Alongside those who condemn the torture and the negligence and brutality of the police (as they also condemn the harassment of Christians and the burning of churches, the lack of police protection of Coptic communities, the destruction of homes in the Sinai and the mass arrests of the Bedouin), many others find sufficient and reasonable the narrative provided by the Interior Ministry and widely disseminated by state and privately-owned television channels and newspapers: The men who suffocated to death in the transport vehicle were terrorists and enemies of the nation-state; they took an officer hostage and were attempting to escape; justice will be served, the officer who threw the tear gas canister into the vehicle has been charged with “accidental homicide” of the prisoners…
In certain ways Deeb lived a life that defies many of the conventional but persistent narratives that circulate widely about political and social life in Egypt: He was an Islamist, but also a scruffy, long-haired filmmaker and artist, and he was a January 25 activist from the revolution’s inception yet also a constant presence at the Nahda and Rabea sit-ins.
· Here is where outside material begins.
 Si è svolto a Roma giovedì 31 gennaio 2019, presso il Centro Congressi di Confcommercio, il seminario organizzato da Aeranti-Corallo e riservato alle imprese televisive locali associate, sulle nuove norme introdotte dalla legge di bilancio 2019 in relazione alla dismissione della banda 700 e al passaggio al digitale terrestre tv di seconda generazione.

In a different political moment, he focused his talents on creating and documenting forms of collective action that traversed the tired Islamist versus secular-artist-revolutionary divide. This traversal was the legacy of Tahrir Square that he tried to embody in his life, until the events of 30 June and 3 July made that impossible.
And now, in remembering his death, we are forced to ask: How is it possible to think and remember a martyr over which the community is so deeply divided? What do we do with these silenced bodies and chants and energies that are not our own, that push our tolerance to its limits? In the complete absence of agreement as to the righteousness of his cause, his status as a martyr, and his value to the community, can Mohammed al-Deeb’s life and death symbolize anything other than how divided Egypt’s political life has become?
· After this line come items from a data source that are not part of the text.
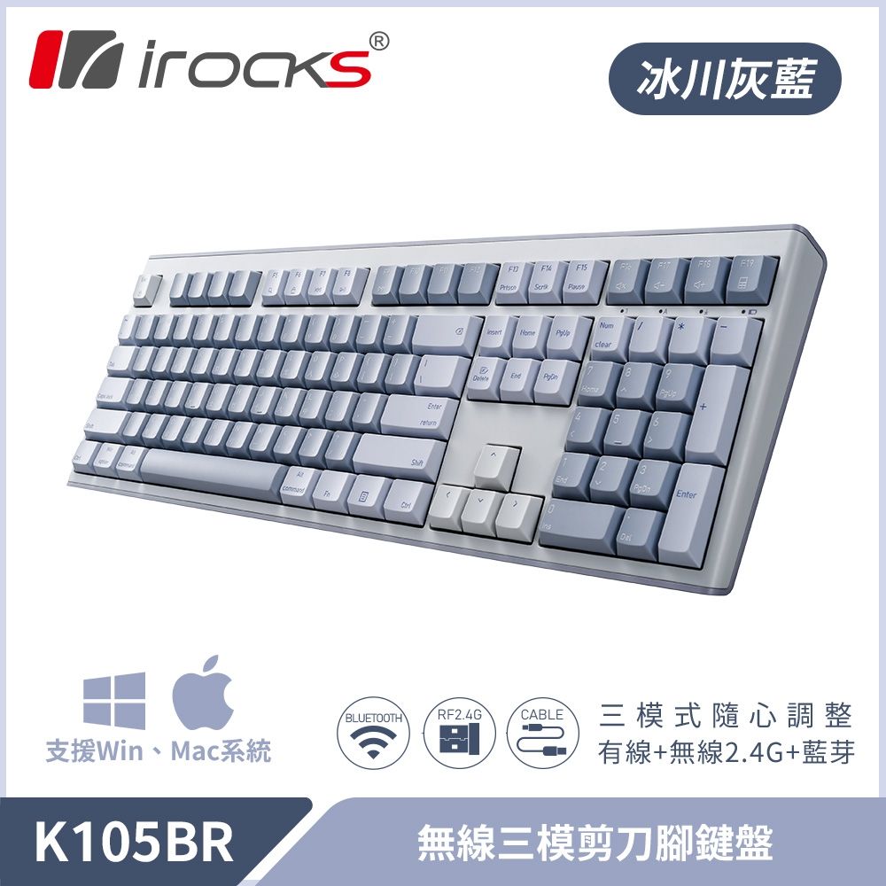 【iRocks】K105BR 無線三模剪刀腳靜音鍵盤|冰川灰藍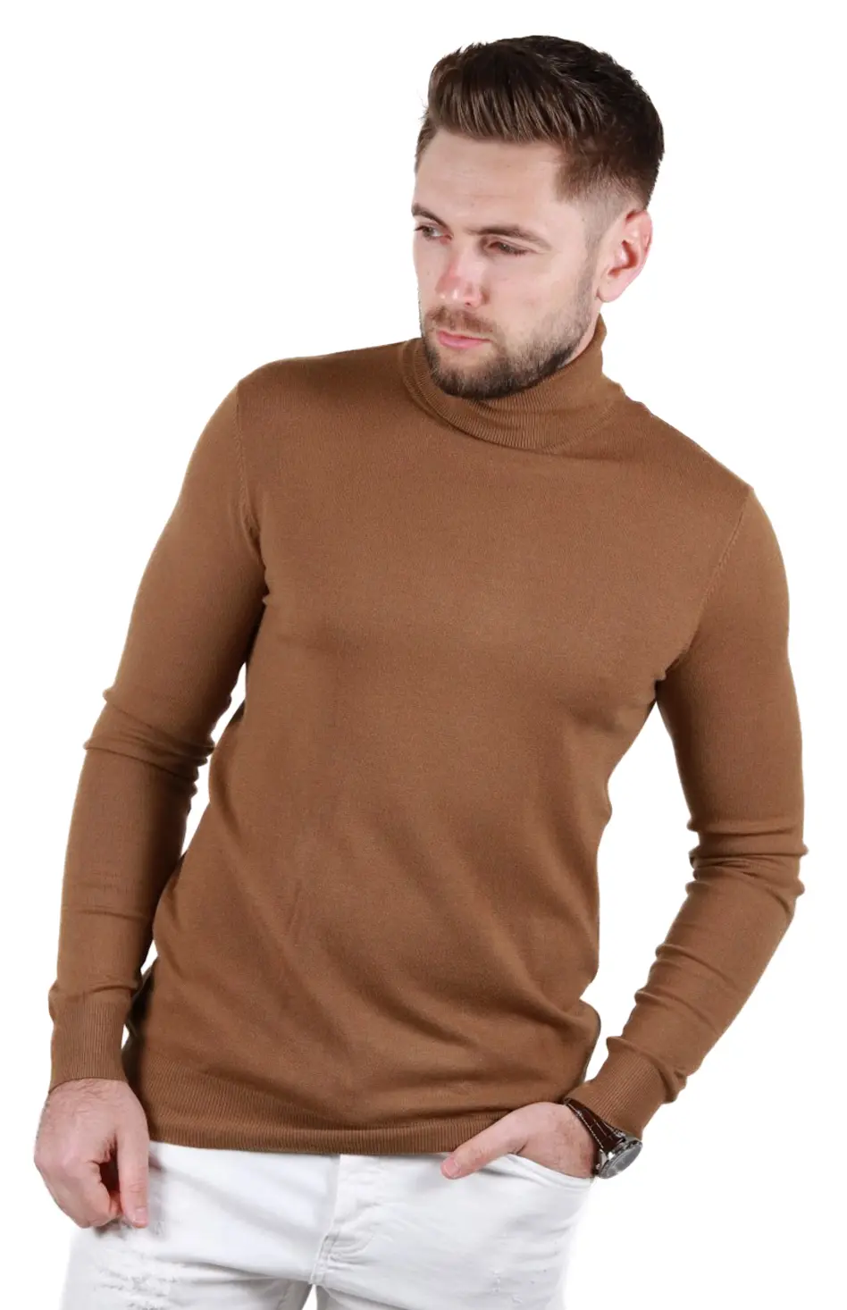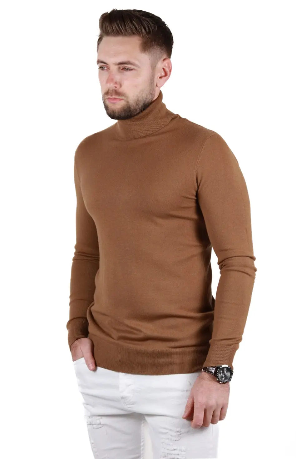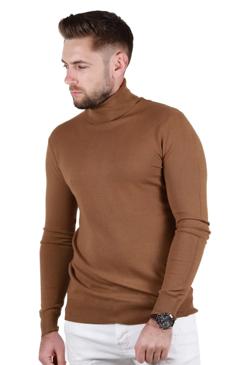 Pulover (maleta) cu croială slim fit. Guler intors, inalt . Culoare maro. Mânecă lungă. Material foarte fin la atingere, tip cașmir. Foarte confortabil datorita elasticitatii. Compozitie material: 50% vascoza 28% spandex 22% elastan.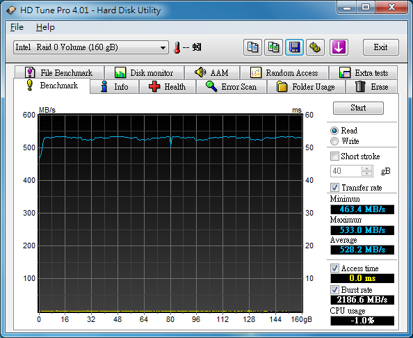 硬體版上爬文便知,有許多 X-25M G2 * 2 的 RAID0 測試, 不甘寂寞下,敝人也野人獻曝丟出幾個簡單的測試數據: ![]() ![]() ![]() ![]() ![]() ![]() [心得] 1、外接盒外觀質感不錯,組合時也容易。 2、但實際用,扣鎖的壓扣設計不太好,不小心就容易壓不緊。 3、省去一條電源線,反而成了敝人認為的賣相。 4、含直接接主機板的效能幾乎一模一樣,這個轉接盒訊號傳輸上幾乎無明顯損耗。 5、價格不符合預期,如果售價低於 800 元才稱得上合理。 以上。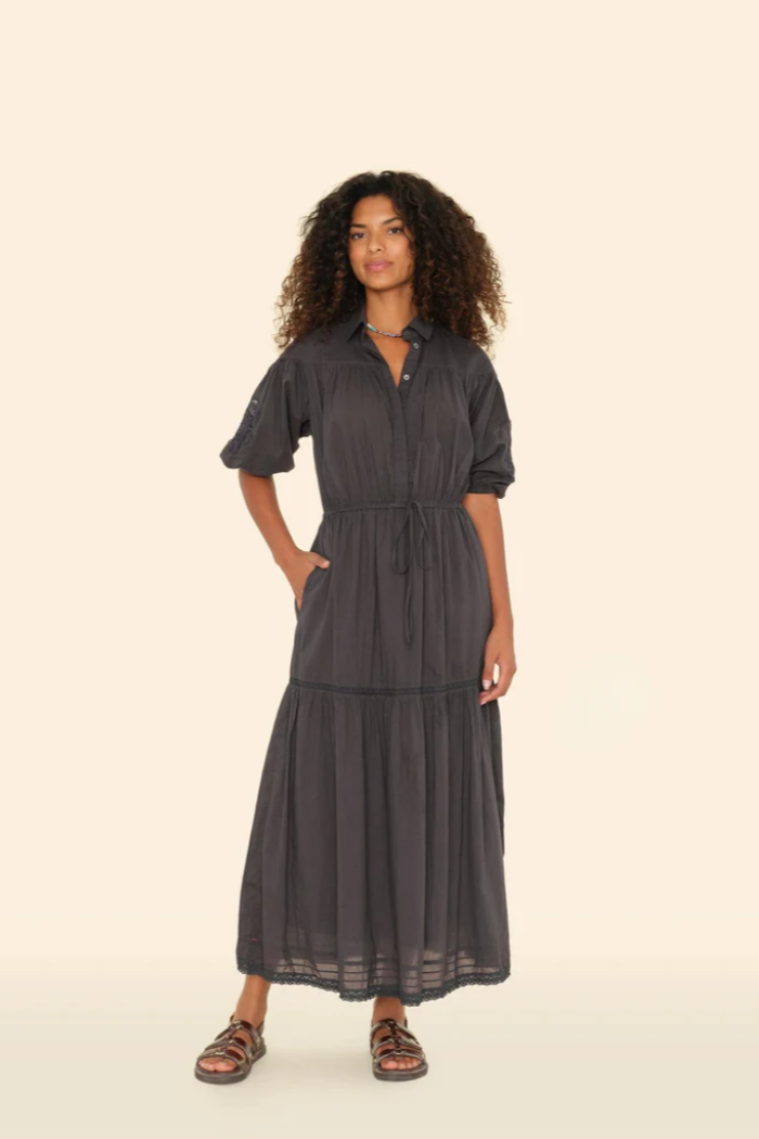 Picture Perfect. Kaya is new this season in our superfine cotton voile with a soft hand. Kaya is a fully lined midi dress with a partial button-front, elbow puff sleeves with floral broderie anglaise, an elasticized drawstring waist, side seam pockets, and ladder trim throughout.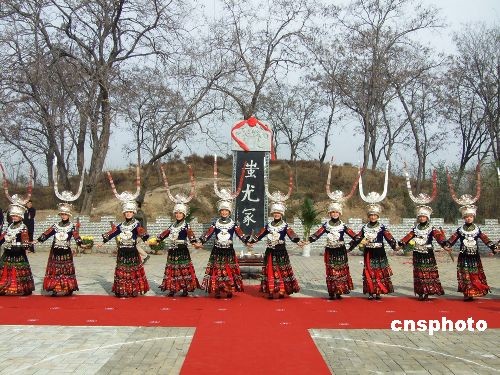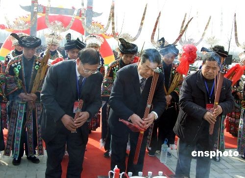 出席二00八中国(阳谷)第二界蚩尤文化研讨会的专家学者及苗族后裔,十一月二十七日在山东省阳谷县蚩尤冢前举行隆重的祭祀蚩尤仪式。中新社发 杨东亮 摄

In his powerful lectures on martyrdom (shahadat) and revolution, the great Iranian thinker Ali Shariati wrote that shahadat does not simply mean being killed for a just cause; rather, it is the exposure of that which is being denied, of that which is being covered up (“Al-shahadat istizharan ‘alal-mujahadat”). In an age of tyranny and injustice, the shahid (martyr) is the candle in the darkness who exposes the corruption and oppression of the regime and that which it seeks to hide from the public eye, of that which it would like to remain hidden in history. Istizhar: exposure; this is the work of the martyr.
And the revenge of the martyr? Not the killing and torturing and suffering of the enemy, but the negation of its despotism; this is the work of the ummah, the community—the ummah that is resuscitated, called to itself again, reinvigorated in its struggle, by the life and death of the shahid. This is the revenge and message of the martyr: Arise, and bear witness, and in this, you will never die.